Posted by: tony montano | April 22, 2007 at 07:15 PM
There seems to be no contradiction. The problem, Mr. Koukl, is that you assume that darwinists think humans are animals is the same sense as the other beasts of the earth. Of course animals do not care about the environment. They lack the level of consciousness to do so. Luckily our God-given, or nature-given (whichever it is) mind recognizes that the environment needs to be protected if we want to see the continuation of our race. That brings up another point. It still fits the mold of "survival of the fittest". Our minds are better than other animals and we are using our minds to prolong our own lives as well as the lives of others. I hope that you recognize this logical flaw as it may turn away those who seek the God that you worship.
-Bryce
Posted by: Bryce | April 22, 2007 at 09:12 PM
Tony,
That list is crap. It says of itself it's very tentative. That's an understatement--it's wishful thinking!
Posted by: SLW | April 22, 2007 at 09:15 PM
ah its not so bad
its got pretty pictures
Posted by: tony montano | April 23, 2007 at 02:45 AM
Jay wrote: "Can anyone explain this to me?"

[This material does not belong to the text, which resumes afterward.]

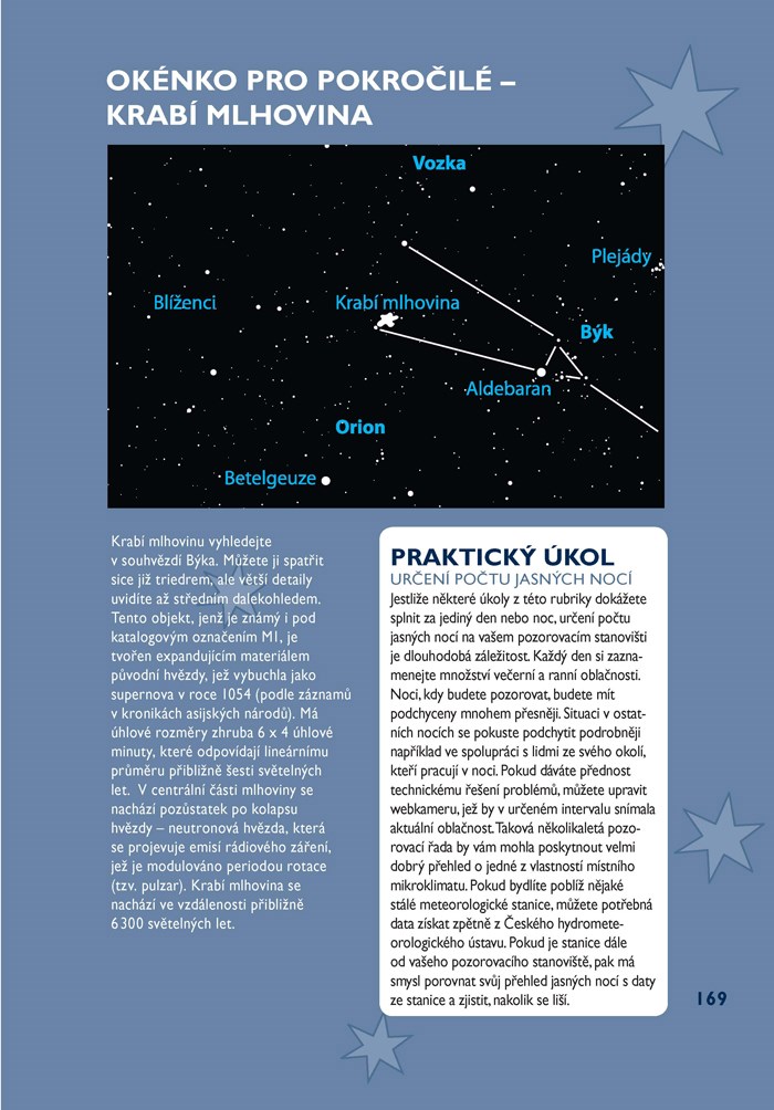 Nepostradatelná příručka pro začínající astronomy je rozdělena do dvanácti kapitol podle měsíců v roce, v nichž jsou kromě popisů hvězdné oblohy v daném období vysvětleny také základní astronomické pojmy. Seznamování s objekty a souhvězdími na noční obloze vám zpříjemní CD, díky němuž nebudete muset luštit písmenka v knize s baterkou, ale postačí jen zaklonit hlavu a nechat se vést nahrávkou. Pro pokročilé nechybí v knize okénko, které je věnováno pozorování s triedrem nebo astronomickým dalekohledem. Navíc v knize naleznete ještě jednu praktickou pomůcku – otočnou mapu hvězdné oblohy.

Yes, possibly, and then perhaps we can all stop spouting off with our contrived theories concocted to satisfy our pre-conceived political agendas...
First, the way you set up your comparison -- "68% of States that rank in the top half for evangelicals per thousand, also rank in the top half of states for either violent crime or property crime/thousand" -- seems a bit ham-fisted. I don't mean that in a derogatory (to you) way, I'm simply pointing out that attempting to draw correlations between data and only looking at the "top half" and "bottom half" of a given chart, seems to be a recipe for poor statistical analysis and conclusions.
Second, it is not enough to observe two data-sets and from that conclude a cause-effect relationship. Both could be effects of another cause, or there could be no relation whatsoever. In other words, using the method you devised, I could probably come up with several lists, where X% of the states in the top 50% for violent crime also fall in the top 50% of such a list, but there is clearly no connection. E.g., if I found that 70% of the states on the top half of the violent crime list also are on the top half for opening the most chocolate shops, it doesn't follow that chocolate makes people commit violent crime.
Posted by: Paul A | April 23, 2007 at 10:09 AM
SLW wrote: "All those evangelicals believe that 'once saved always saved' so they march the ailse one Sunday in church and then spend the rest of their lives raping, pillaging, and doing minor acts of defacement."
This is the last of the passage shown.